Nothing but the records, transcribed verbatim and stripped of images, should appear in the answer.

DATASET CONTENT:
■ ■ ■
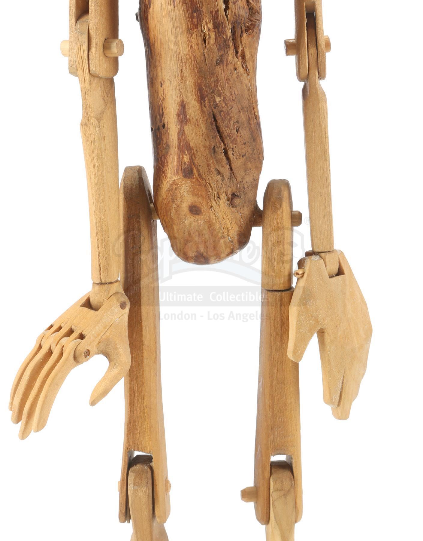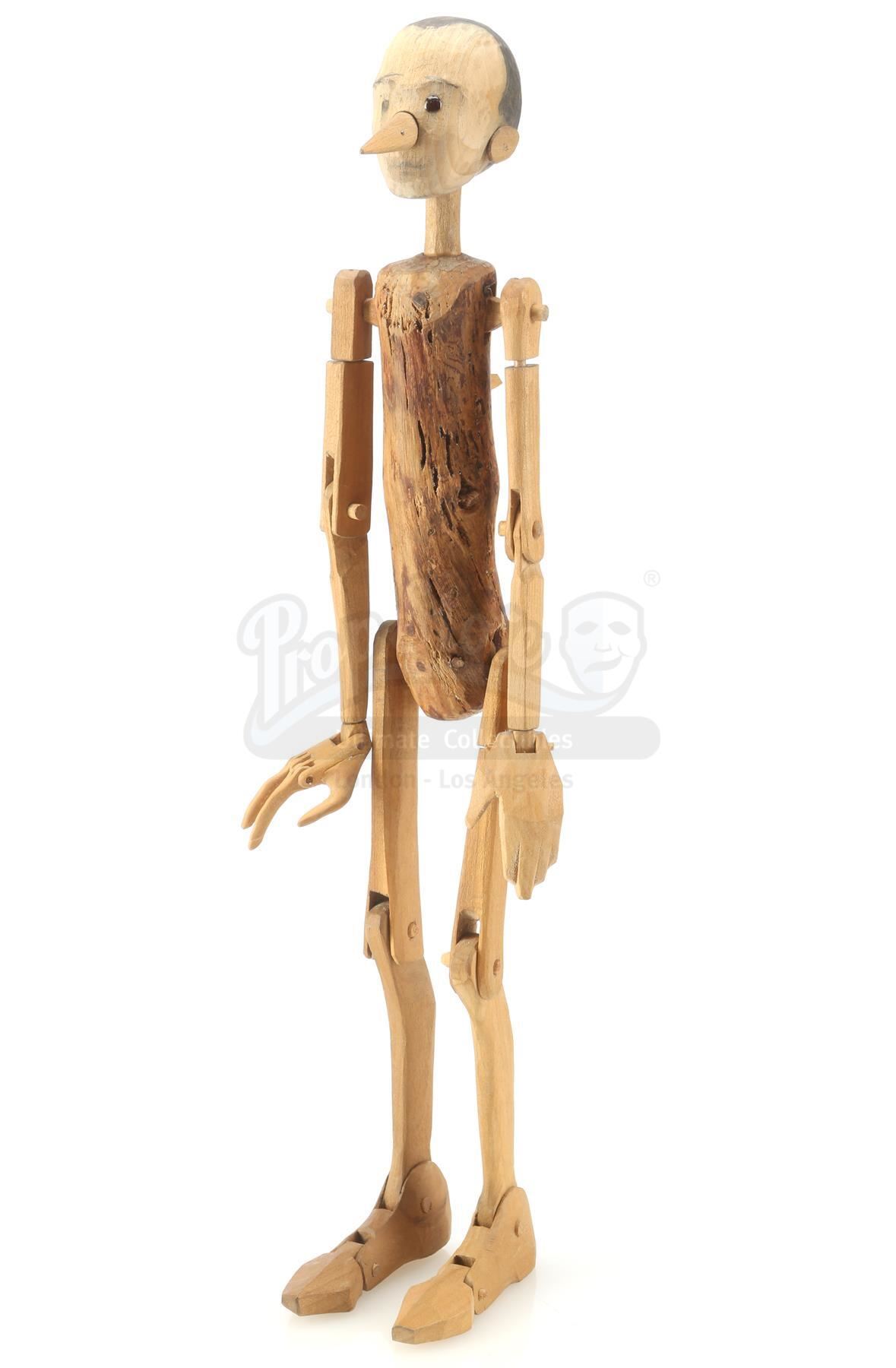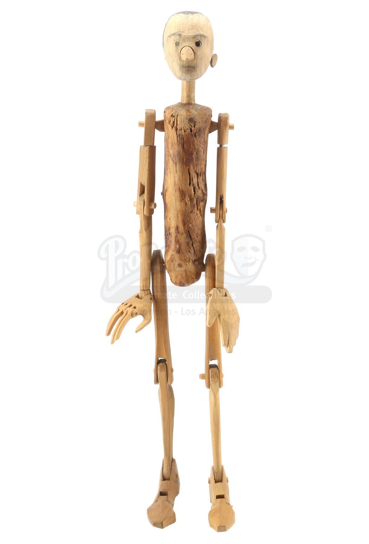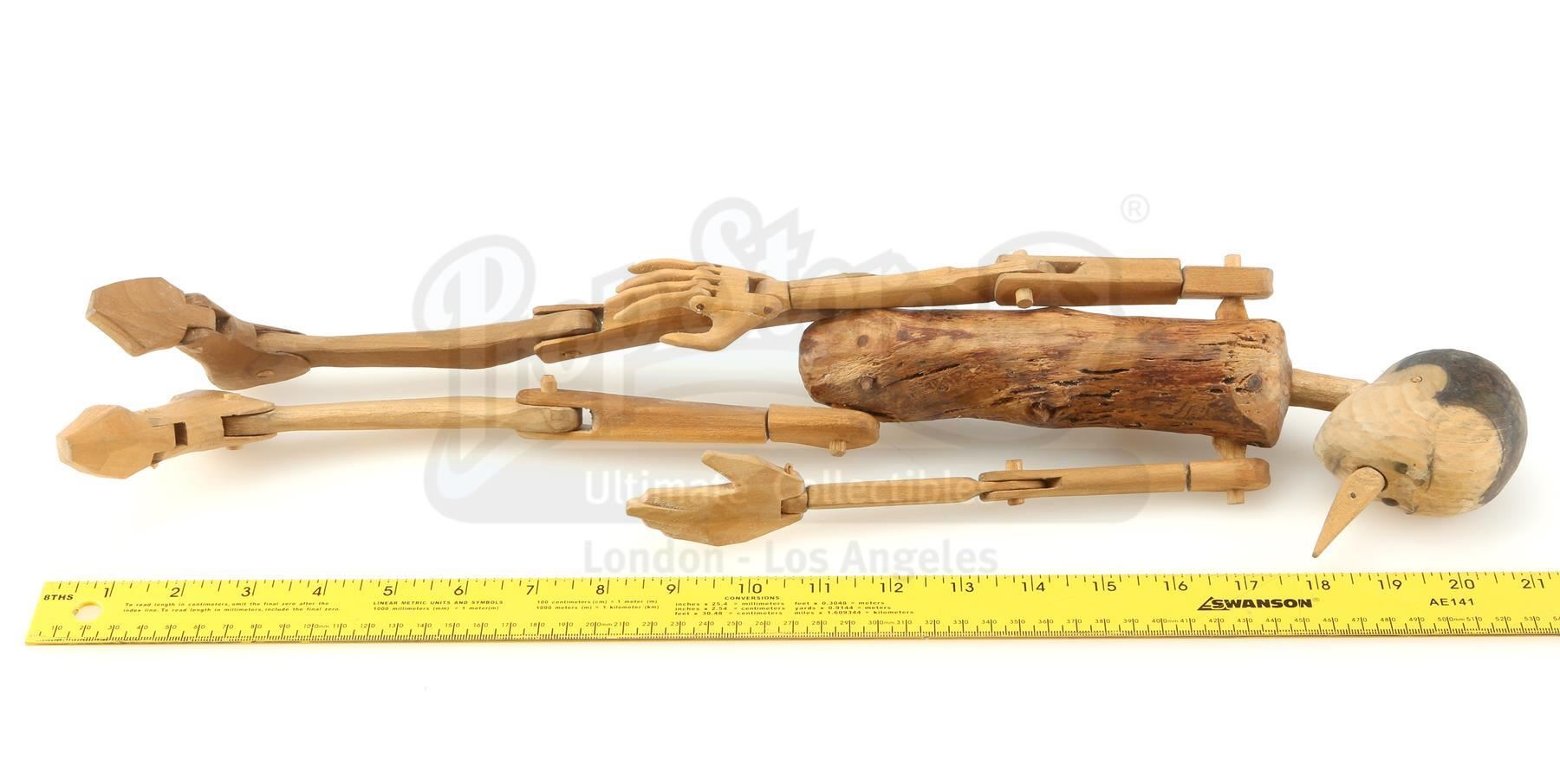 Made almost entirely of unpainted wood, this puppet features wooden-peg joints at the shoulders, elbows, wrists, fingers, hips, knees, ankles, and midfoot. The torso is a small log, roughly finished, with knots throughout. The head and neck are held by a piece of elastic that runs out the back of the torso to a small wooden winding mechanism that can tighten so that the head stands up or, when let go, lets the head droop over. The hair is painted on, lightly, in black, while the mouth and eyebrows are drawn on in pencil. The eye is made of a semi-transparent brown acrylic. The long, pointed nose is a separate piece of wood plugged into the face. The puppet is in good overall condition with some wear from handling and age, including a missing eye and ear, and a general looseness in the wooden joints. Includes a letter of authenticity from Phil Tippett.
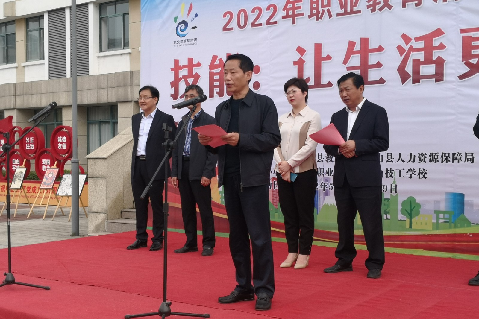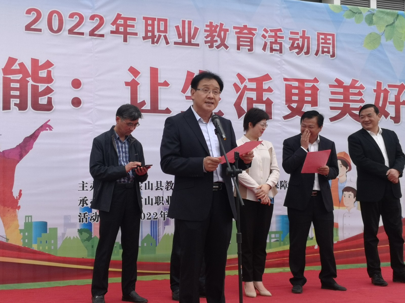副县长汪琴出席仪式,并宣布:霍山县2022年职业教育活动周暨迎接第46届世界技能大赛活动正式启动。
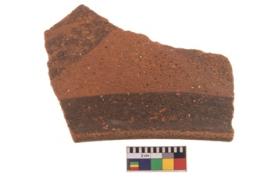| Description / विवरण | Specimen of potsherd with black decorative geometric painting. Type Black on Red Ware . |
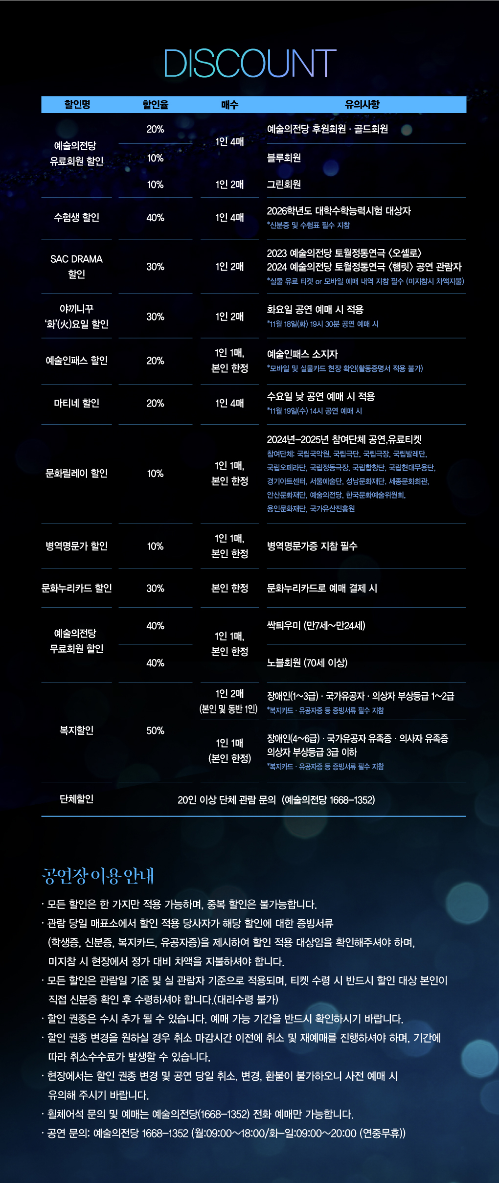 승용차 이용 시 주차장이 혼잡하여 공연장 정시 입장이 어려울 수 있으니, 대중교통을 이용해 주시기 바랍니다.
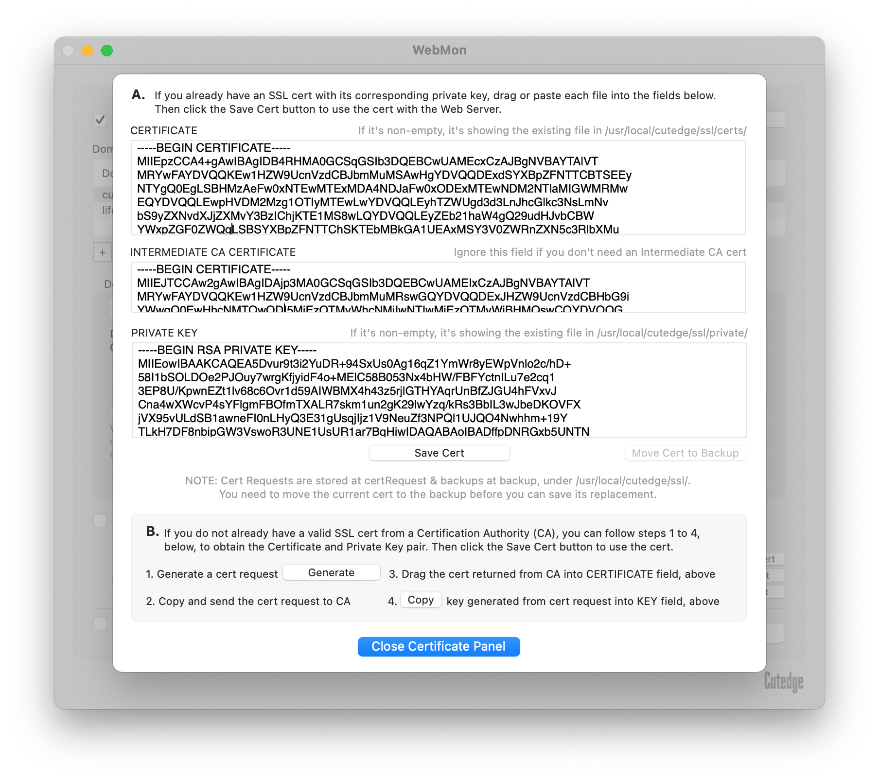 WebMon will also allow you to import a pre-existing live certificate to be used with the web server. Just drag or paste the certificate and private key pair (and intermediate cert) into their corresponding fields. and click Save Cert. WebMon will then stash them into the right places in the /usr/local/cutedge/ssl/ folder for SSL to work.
■ ■ ■
SOLUTION BELOW:
 Made almost entirely of unpainted wood, this puppet features wooden-peg joints at the shoulders, elbows, wrists, fingers, hips, knees, ankles, and midfoot. The torso is a small log, roughly finished, with knots throughout. The head and neck are held by a piece of elastic that runs out the back of the torso to a small wooden winding mechanism that can tighten so that the head stands up or, when let go, lets the head droop over. The hair is painted on, lightly, in black, while the mouth and eyebrows are drawn on in pencil. The eye is made of a semi-transparent brown acrylic. The long, pointed nose is a separate piece of wood plugged into the face. The puppet is in good overall condition with some wear from handling and age, including a missing eye and ear, and a general looseness in the wooden joints. Includes a letter of authenticity from Phil Tippett.
副县长汪琴出席仪式,并宣布:霍山县2022年职业教育活动周暨迎接第46届世界技能大赛活动正式启动。
| Description / विवरण | Specimen of potsherd with black decorative geometric painting. Type Black on Red Ware . |
 승용차 이용 시 주차장이 혼잡하여 공연장 정시 입장이 어려울 수 있으니, 대중교통을 이용해 주시기 바랍니다.
 WebMon will also allow you to import a pre-existing live certificate to be used with the web server. Just drag or paste the certificate and private key pair (and intermediate cert) into their corresponding fields. and click Save Cert. WebMon will then stash them into the right places in the /usr/local/cutedge/ssl/ folder for SSL to work.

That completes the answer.